## TASK TO CARRY OUT
Quote the records in full and leave their pictures out.

## AVAILABLE RECORDS
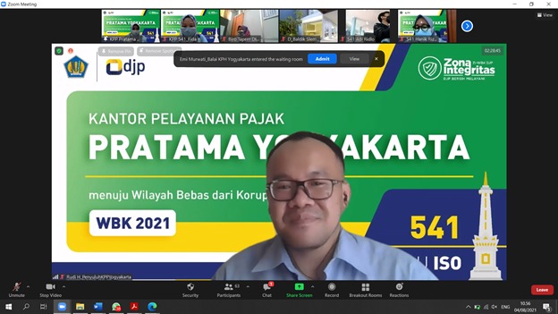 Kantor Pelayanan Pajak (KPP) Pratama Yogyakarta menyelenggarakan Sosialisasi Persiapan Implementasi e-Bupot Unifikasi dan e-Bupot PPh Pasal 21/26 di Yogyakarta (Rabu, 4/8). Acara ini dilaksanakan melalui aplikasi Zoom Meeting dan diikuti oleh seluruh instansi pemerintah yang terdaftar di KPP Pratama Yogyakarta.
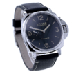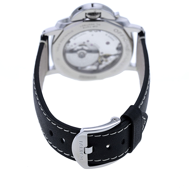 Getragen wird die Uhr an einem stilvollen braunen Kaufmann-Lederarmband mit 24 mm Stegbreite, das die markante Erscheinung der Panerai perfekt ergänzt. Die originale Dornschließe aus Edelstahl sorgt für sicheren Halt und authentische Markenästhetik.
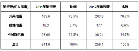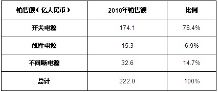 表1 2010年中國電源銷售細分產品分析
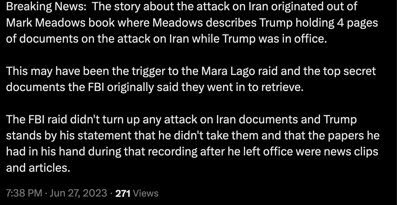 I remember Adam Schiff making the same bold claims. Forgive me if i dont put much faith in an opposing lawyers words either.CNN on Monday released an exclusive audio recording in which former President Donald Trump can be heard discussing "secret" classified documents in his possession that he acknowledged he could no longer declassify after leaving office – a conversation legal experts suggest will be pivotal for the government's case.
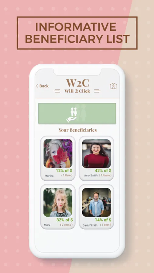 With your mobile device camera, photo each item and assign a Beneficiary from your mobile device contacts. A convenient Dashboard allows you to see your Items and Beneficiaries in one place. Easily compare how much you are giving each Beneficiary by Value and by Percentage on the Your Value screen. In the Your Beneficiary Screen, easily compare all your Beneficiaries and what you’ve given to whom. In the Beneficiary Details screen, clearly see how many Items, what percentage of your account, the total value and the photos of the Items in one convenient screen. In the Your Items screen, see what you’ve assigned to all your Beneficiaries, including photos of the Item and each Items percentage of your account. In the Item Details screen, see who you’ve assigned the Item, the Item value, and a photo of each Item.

## RESPONSE BELOW
 Kantor Pelayanan Pajak (KPP) Pratama Yogyakarta menyelenggarakan Sosialisasi Persiapan Implementasi e-Bupot Unifikasi dan e-Bupot PPh Pasal 21/26 di Yogyakarta (Rabu, 4/8). Acara ini dilaksanakan melalui aplikasi Zoom Meeting dan diikuti oleh seluruh instansi pemerintah yang terdaftar di KPP Pratama Yogyakarta.
 Getragen wird die Uhr an einem stilvollen braunen Kaufmann-Lederarmband mit 24 mm Stegbreite, das die markante Erscheinung der Panerai perfekt ergänzt. Die originale Dornschließe aus Edelstahl sorgt für sicheren Halt und authentische Markenästhetik.
 表1 2010年中國電源銷售細分產品分析
 I remember Adam Schiff making the same bold claims. Forgive me if i dont put much faith in an opposing lawyers words either.CNN on Monday released an exclusive audio recording in which former President Donald Trump can be heard discussing "secret" classified documents in his possession that he acknowledged he could no longer declassify after leaving office – a conversation legal experts suggest will be pivotal for the government's case.
 With your mobile device camera, photo each item and assign a Beneficiary from your mobile device contacts. A convenient Dashboard allows you to see your Items and Beneficiaries in one place. Easily compare how much you are giving each Beneficiary by Value and by Percentage on the Your Value screen. In the Your Beneficiary Screen, easily compare all your Beneficiaries and what you’ve given to whom. In the Beneficiary Details screen, clearly see how many Items, what percentage of your account, the total value and the photos of the Items in one convenient screen. In the Your Items screen, see what you’ve assigned to all your Beneficiaries, including photos of the Item and each Items percentage of your account. In the Item Details screen, see who you’ve assigned the Item, the Item value, and a photo of each Item.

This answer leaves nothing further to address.